- _Activity_: Only the lines below from the one containing "虎门国际服装交易会(关于虎门国际服装交易会部分内容简述)" through the one containing "- Fixation de" belong in the answer, set down exactly, with the pictures left out.

- _The data_:
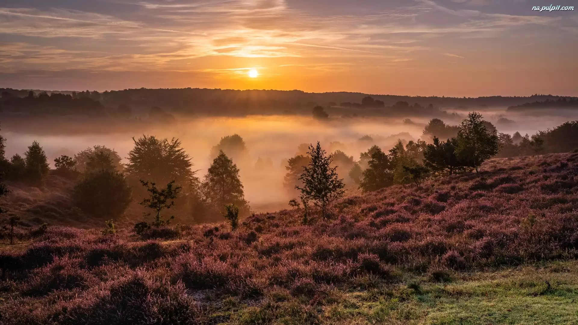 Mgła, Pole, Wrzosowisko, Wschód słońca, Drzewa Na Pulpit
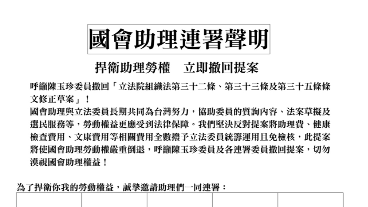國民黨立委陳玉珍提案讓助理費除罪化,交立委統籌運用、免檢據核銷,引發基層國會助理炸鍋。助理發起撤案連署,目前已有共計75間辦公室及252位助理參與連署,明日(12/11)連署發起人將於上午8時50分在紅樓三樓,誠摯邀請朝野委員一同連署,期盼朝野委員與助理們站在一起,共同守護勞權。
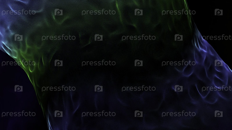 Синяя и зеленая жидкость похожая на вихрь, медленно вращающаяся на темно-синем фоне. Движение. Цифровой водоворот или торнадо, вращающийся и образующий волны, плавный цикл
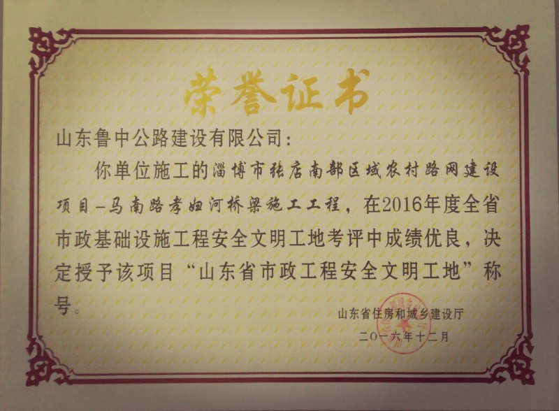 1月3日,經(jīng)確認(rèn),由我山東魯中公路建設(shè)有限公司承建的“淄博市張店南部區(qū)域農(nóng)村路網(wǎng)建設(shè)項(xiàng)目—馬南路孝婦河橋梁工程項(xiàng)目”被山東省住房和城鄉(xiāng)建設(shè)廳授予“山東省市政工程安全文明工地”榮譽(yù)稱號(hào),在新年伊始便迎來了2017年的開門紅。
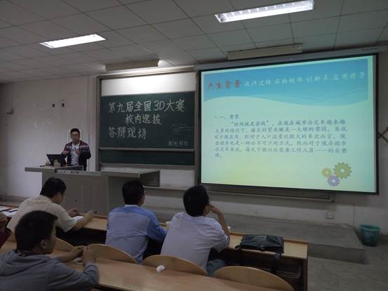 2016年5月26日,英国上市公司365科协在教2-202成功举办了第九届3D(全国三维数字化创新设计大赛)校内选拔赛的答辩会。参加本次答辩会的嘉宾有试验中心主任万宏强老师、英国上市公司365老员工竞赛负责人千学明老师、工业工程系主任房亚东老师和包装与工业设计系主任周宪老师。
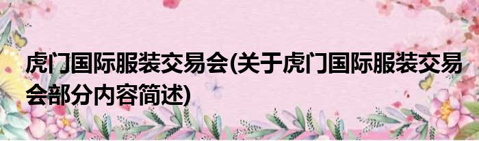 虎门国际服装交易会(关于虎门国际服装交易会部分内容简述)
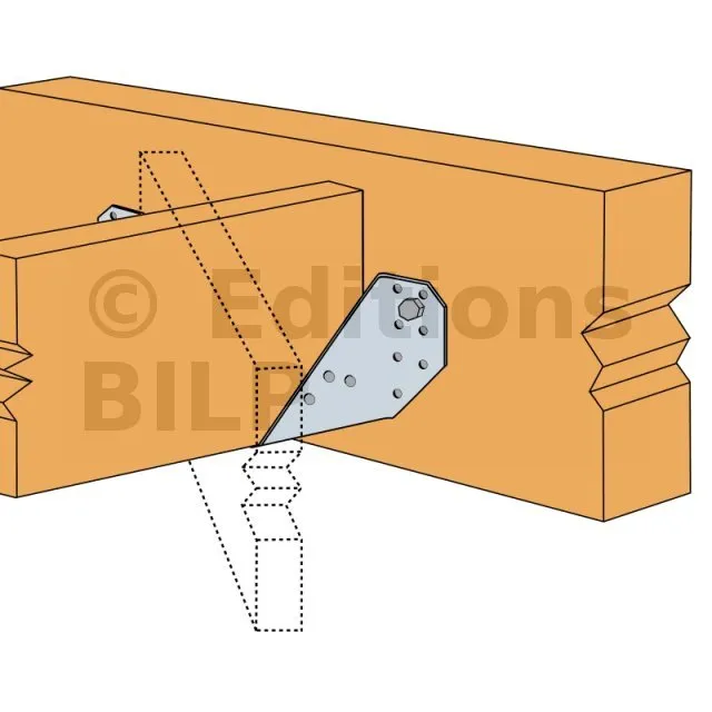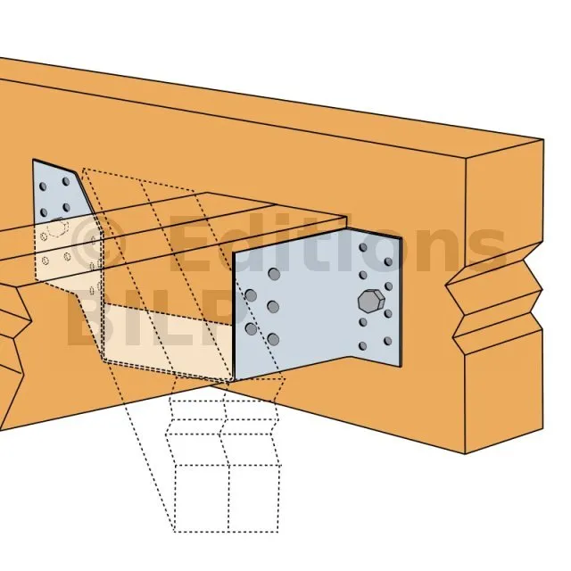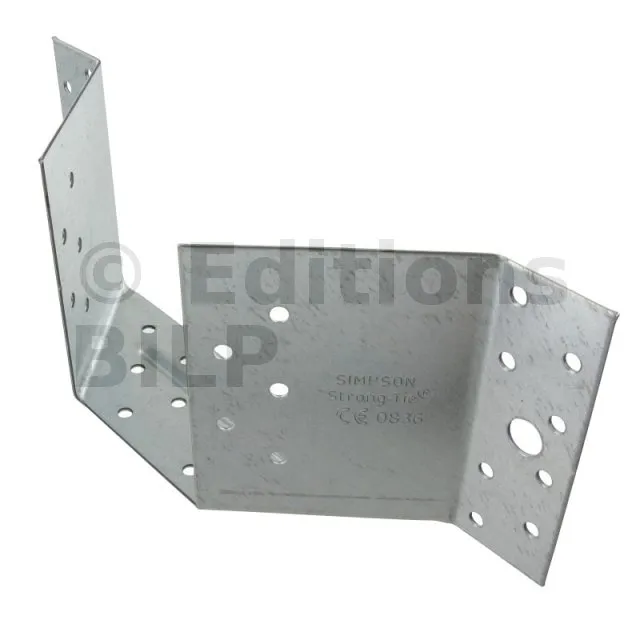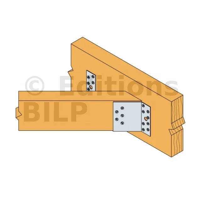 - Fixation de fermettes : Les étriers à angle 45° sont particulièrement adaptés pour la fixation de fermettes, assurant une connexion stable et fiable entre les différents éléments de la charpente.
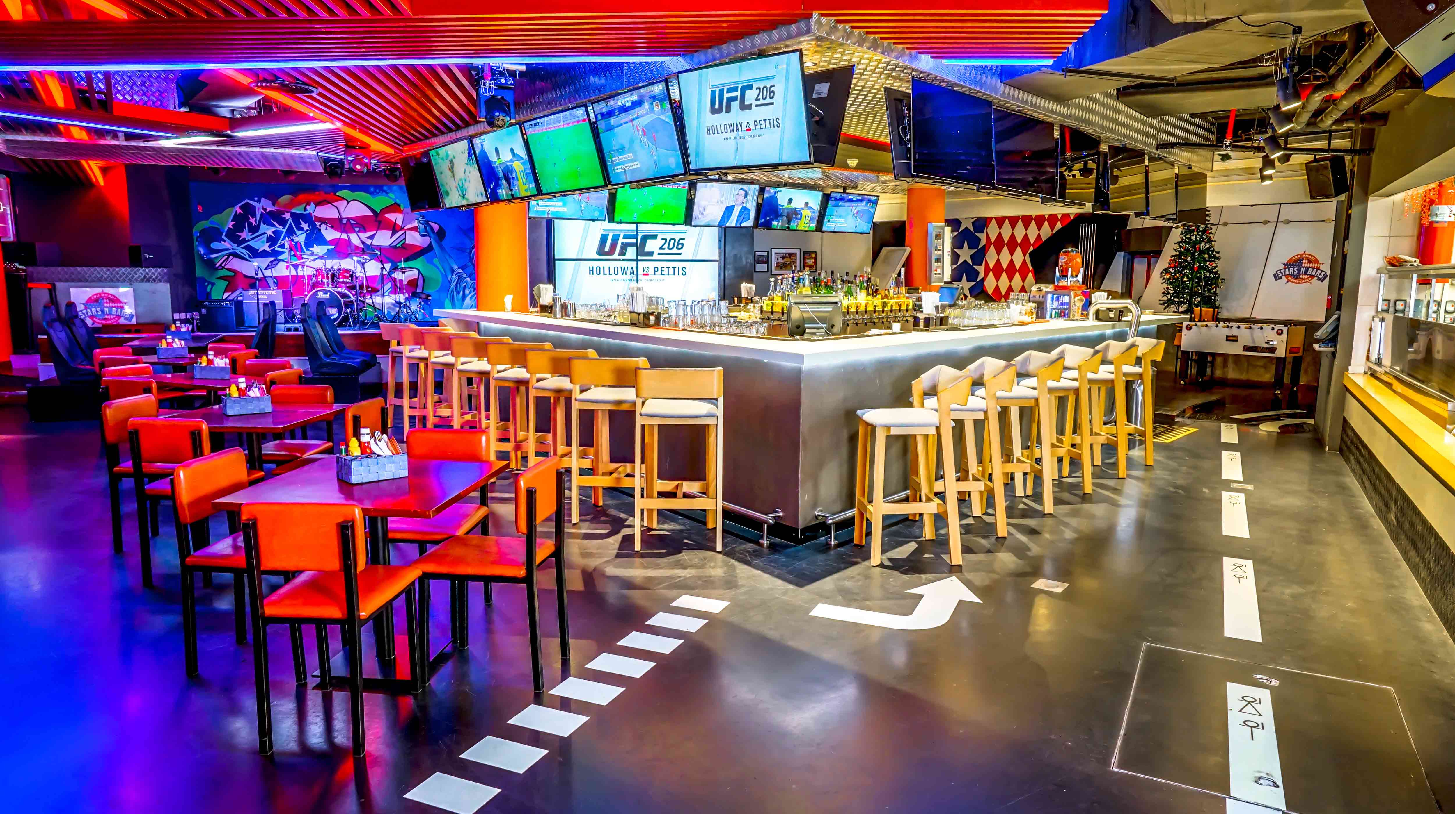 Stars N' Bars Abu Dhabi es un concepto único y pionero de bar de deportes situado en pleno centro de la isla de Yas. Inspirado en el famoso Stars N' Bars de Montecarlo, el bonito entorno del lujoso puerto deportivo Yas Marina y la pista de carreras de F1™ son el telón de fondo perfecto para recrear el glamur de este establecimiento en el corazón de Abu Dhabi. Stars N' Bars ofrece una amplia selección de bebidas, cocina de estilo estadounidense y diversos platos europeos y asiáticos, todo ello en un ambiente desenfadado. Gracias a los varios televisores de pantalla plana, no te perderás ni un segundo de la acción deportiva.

--

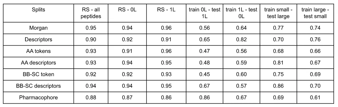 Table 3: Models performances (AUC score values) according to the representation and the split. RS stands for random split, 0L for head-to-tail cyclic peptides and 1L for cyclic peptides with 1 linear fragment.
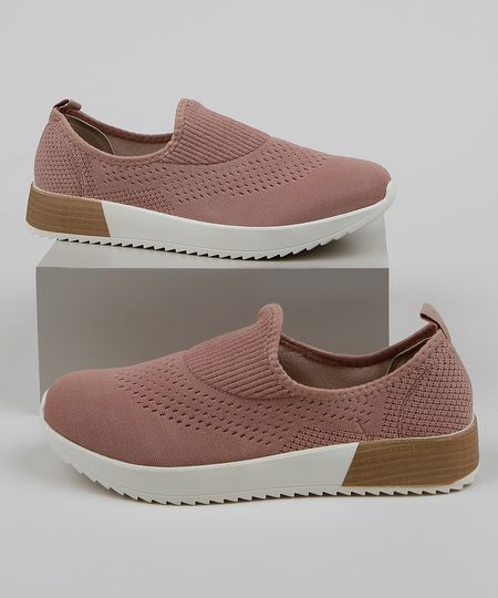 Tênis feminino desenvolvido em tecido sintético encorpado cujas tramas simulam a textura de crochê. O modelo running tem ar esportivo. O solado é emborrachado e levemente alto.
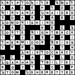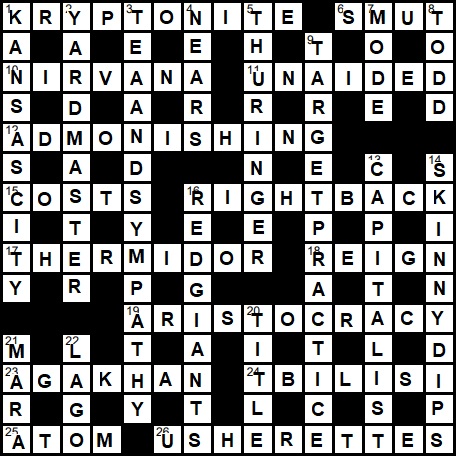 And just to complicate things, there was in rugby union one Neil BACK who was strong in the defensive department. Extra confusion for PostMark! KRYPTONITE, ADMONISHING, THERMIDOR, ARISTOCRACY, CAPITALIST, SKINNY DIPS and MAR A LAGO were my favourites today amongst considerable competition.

- _Result of the exercise_:
 虎门国际服装交易会(关于虎门国际服装交易会部分内容简述)
 - Fixation de fermettes : Les étriers à angle 45° sont particulièrement adaptés pour la fixation de fermettes, assurant une connexion stable et fiable entre les différents éléments de la charpente.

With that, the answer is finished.